* DIRECTIONS FOR THIS TASK *
In the material below, pictures must be dropped. Repeat exactly, and only, the lines from the line with "Le document détaille" to the line with "Scharnierträger für Deckel", both ends included.
-----
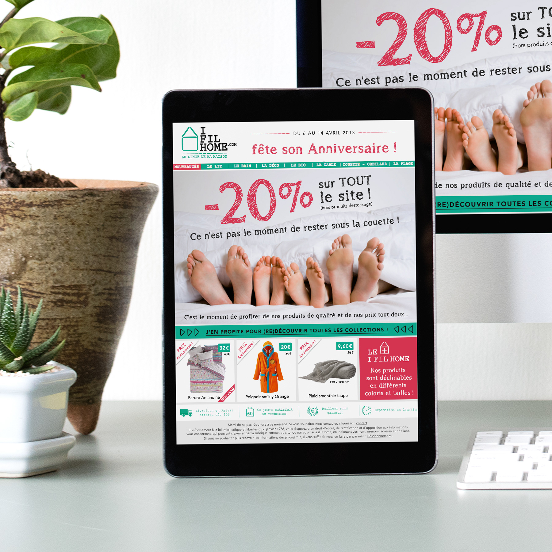 Création d'une charte graphique pour le webdesign des newsletters de cette enseigne de linge de maison.
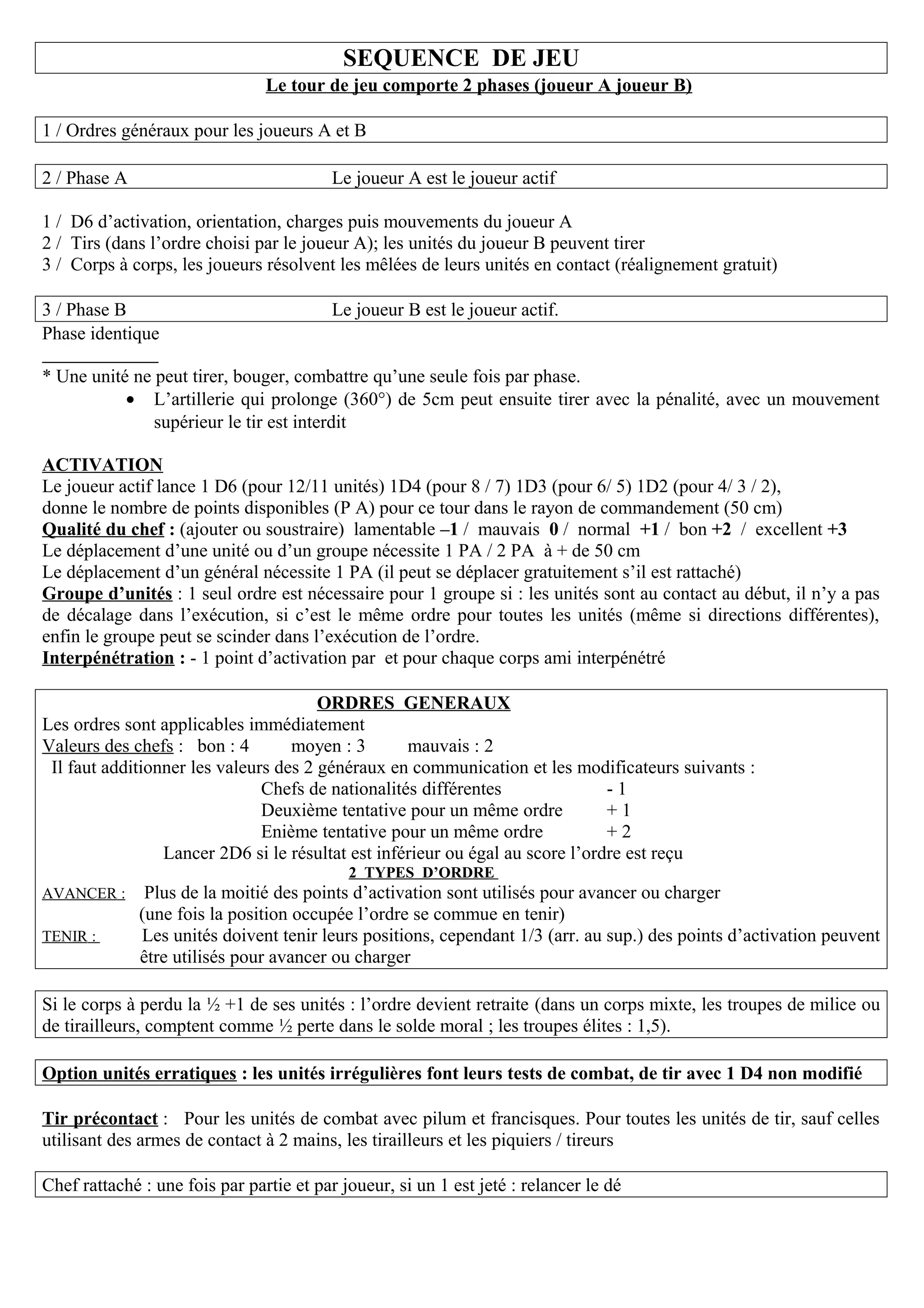 Le document détaille les règles d'un jeu de stratégie en tour par tour, comprenant des phases d'activation pour chaque joueur, des systèmes de mouvement, de tir et de corps à corps, ainsi que des mécanismes d'activation et d'ordres. Les unités ont différents types de capacités, de mouvements et de résilience, influencées par la qualité du chef et les conditions du terrain. Des situations spécifiques comme l'esquive, le débordement et les combats dans des zones protégées sont également décrites pour une gestion fine des combats sur le terrain.
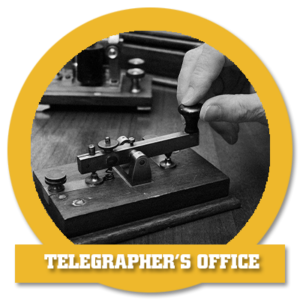 This diorama shows a typical telegraph office that could be found at a train depot in the early 20th century. It comes with a working “sounder” encouraging visitors to decode and send messages coming over the wire.
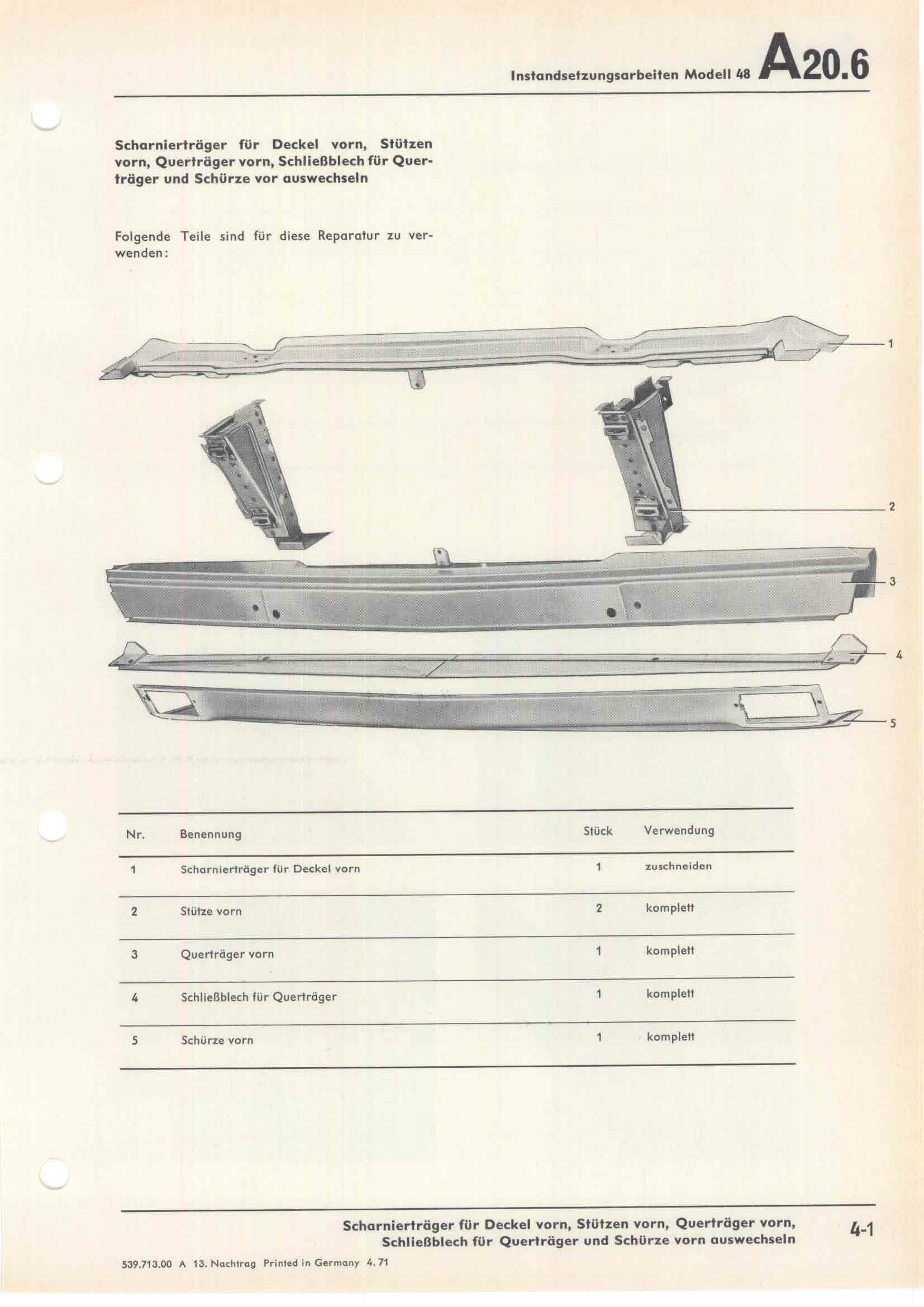 Scharnierträger für Deckel vorn, Stützen vorn, Querträger vorn, Schließblech für Querträger und Schürze vorn auswechseln
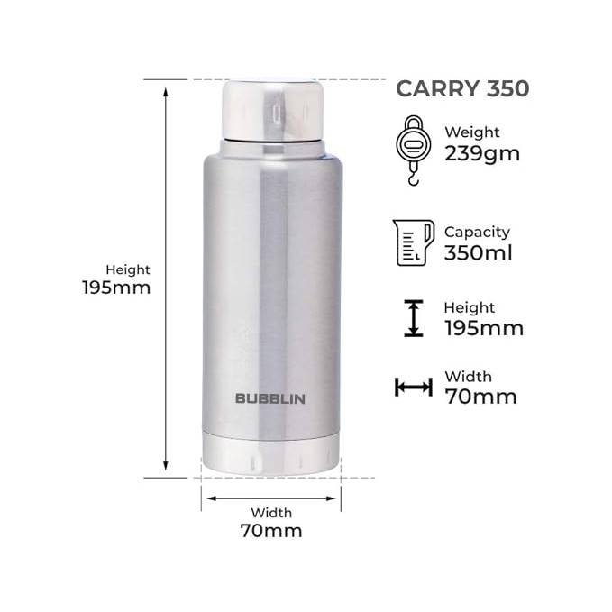 Bubblin water bottle is made from 18/8 stainless steel. This insulated double walled vacuum water bottle is designed for maximum temperature retention that keeps your favourite drinks hot/cold without altering their temperatures for a prolonged period of time. It will keep your drinks just the way you need them throughout the day. The taste and nutritive value of the drinks remains intact for a long time making the bottles very appropriate choice for storing beverages.Carry bottle is 304 grade stainless steel vacuum bottle which is rust free and its plastic Lid is made of food grade material and is BPA free. The stylish exterior and color combination makes this bottle a must have. Bubblin as a Brand in the industry has flourished as a manufacturer of household products. Over the years since its inception in 2008, the company has focused its activities on manufacturing of household goods and has entered the market with a range of world class products that includes Stainless Steel Vacuum Bottles, Sport Bottles, Flasks, Sippers, Food containers & Lunch Boxes, Double Wall Mugs, Steel Fridge Bottles, Borosilicate Glass Bottles and many more products.With its motto “Survival by Quality and Development by innovation” company served to anticipate and provide consumers with high eminence and resilient products that can enhance individuals day to day life.
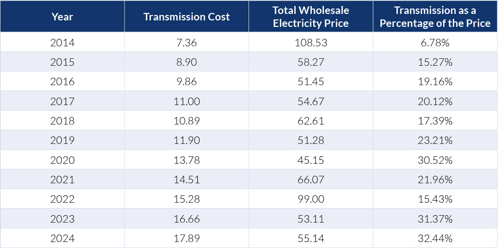 PJM, the largest RTO in the country, is a cautionary tale. In 2014, transmission charges were 6.8% of the PJM wholesale price. A decade later, they are over 32%, even though demand has barely moved.
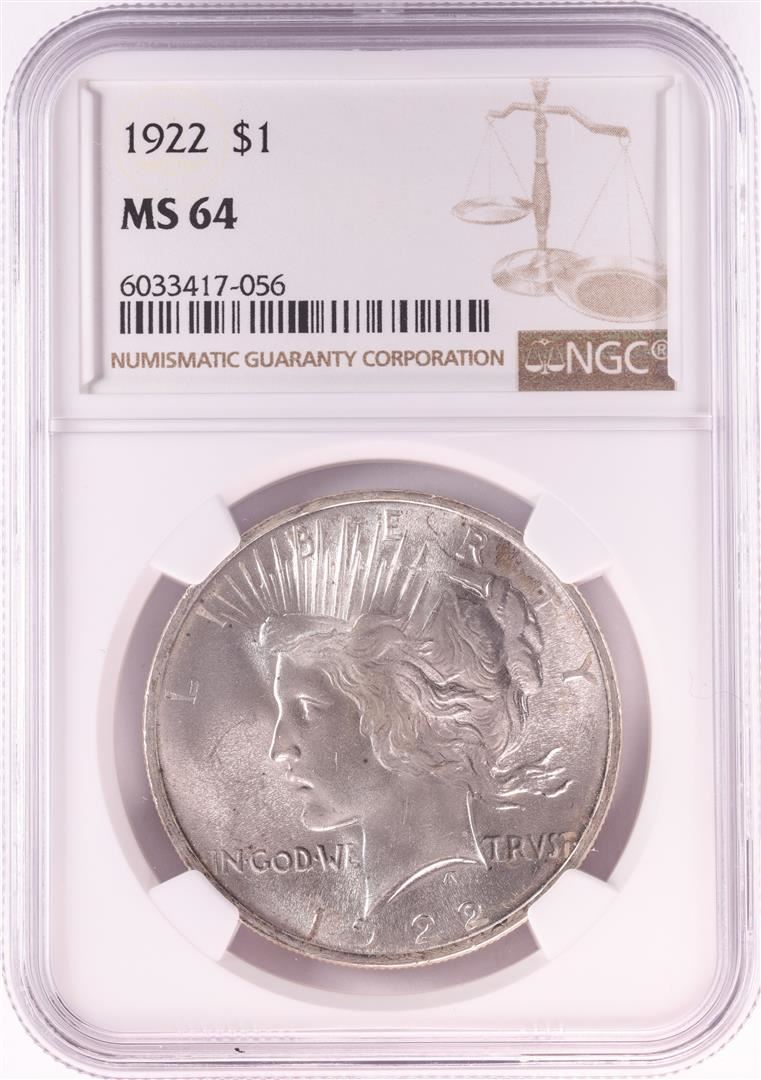 One 1922 $1 Peace Silver Dollar Coin NGC MS64. NGC Certified.
-----
* EXERCISE ANSWER *
 Le document détaille les règles d'un jeu de stratégie en tour par tour, comprenant des phases d'activation pour chaque joueur, des systèmes de mouvement, de tir et de corps à corps, ainsi que des mécanismes d'activation et d'ordres. Les unités ont différents types de capacités, de mouvements et de résilience, influencées par la qualité du chef et les conditions du terrain. Des situations spécifiques comme l'esquive, le débordement et les combats dans des zones protégées sont également décrites pour une gestion fine des combats sur le terrain.
 This diorama shows a typical telegraph office that could be found at a train depot in the early 20th century. It comes with a working “sounder” encouraging visitors to decode and send messages coming over the wire.
 Scharnierträger für Deckel vorn, Stützen vorn, Querträger vorn, Schließblech für Querträger und Schürze vorn auswechseln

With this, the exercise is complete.